American Magic: The Gathering player

Luis Scott-Vargas (born February 17, 1983), commonly known as LSV, is a professional Magic: the Gathering player from Oakland, California, USA, currently living in Denver, Colorado. His accomplishments include fifteen Grand Prix Top 8s (five wins among them) and ten Pro Tour Top 8s (one win among them). In 2013 he was inducted into the Magic: The Gathering Hall of Fame. As well as being a prominent player, LSV is also known for his writing about the game. He was a writer for StarCityGames.com before becoming the editor and vice president for ChannelFireball.com, a Magic: The Gathering shop and strategy website. LSV still writes for ChannelFireball but ended his tenure as editor in 2012 to work as a game designer at Dire Wolf Digital, specifically on Eternal, and in 2021 LSV joined Good Luck Games to work on Storybook Brawl.

==Magic: The Gathering career==
LSV first qualified for the Pro Tour in 2004 for Pro Tour San Diego and has been an active competitor in major Magic: the Gathering events since.

LSV's breakout performance came at the 2006 US Nationals, where he won a play-off to take third place and earn a place on the US Nationals team with Paul Cheon and Benjamin Lundquist. The US Nationals team finished 13th in the team competition at the 2006 World Championship.

He went on to win US Nationals in 2007, leading a US Nationals team featuring Thomas Drake and Michael Bennett. The US National team finished in 25th place at the 2007 World Championship. He also won Grand Prix San Francisco that season, his first Grand Prix title.

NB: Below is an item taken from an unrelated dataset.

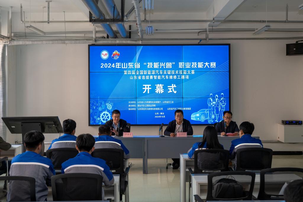 10月17日,2024年山东省“技能兴鲁”职业技能大赛第四届全国新能源汽车关键技术技能大赛山东省选拔赛智能汽车维修工赛项在烟台汽车工程职业学院开赛,来自全省的19支代表队参加比赛。烟台汽车工程职业学院副院长王世江、赛项裁判长卢鸿义、智能汽车工程系主任邹德伟出席,各参赛队领队、指导教师、参赛选手参加开赛式。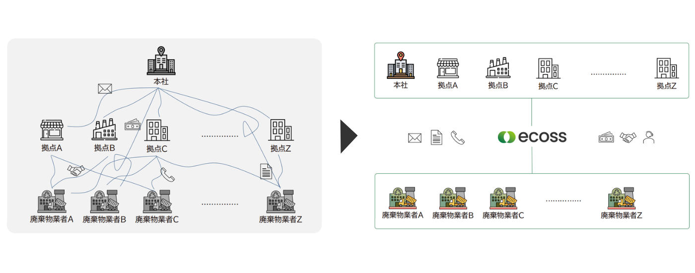エコロジネットプラスを前提とした導入支援により、拠点ごとの個別対応や業者調整を本社が抱え込む必要がなくなります。導入プロセスと運用ルールが統一されることで、拠点間の対応差や属人化を防ぎながら、全社の進捗とデータを一元的に把握できる状態が実現します。

The 2008 season brought even greater success for LSV. He made the Top 8 of Grand Prix Philadelphia before going on to make his first Pro Tour Top 8 at Pro Tour Berlin. LSV reached the finals of the Pro Tour where he defeated Matej Zatlkaj to win his first, and so far only, Pro Tour title. He continued his success by winning his second Grand Prix event at Grand Prix Atlanta. By the end of the year, LSV had amassed 58 Pro points, placing him in joint second place in the Player of the Year standings alongside Olivier Ruel.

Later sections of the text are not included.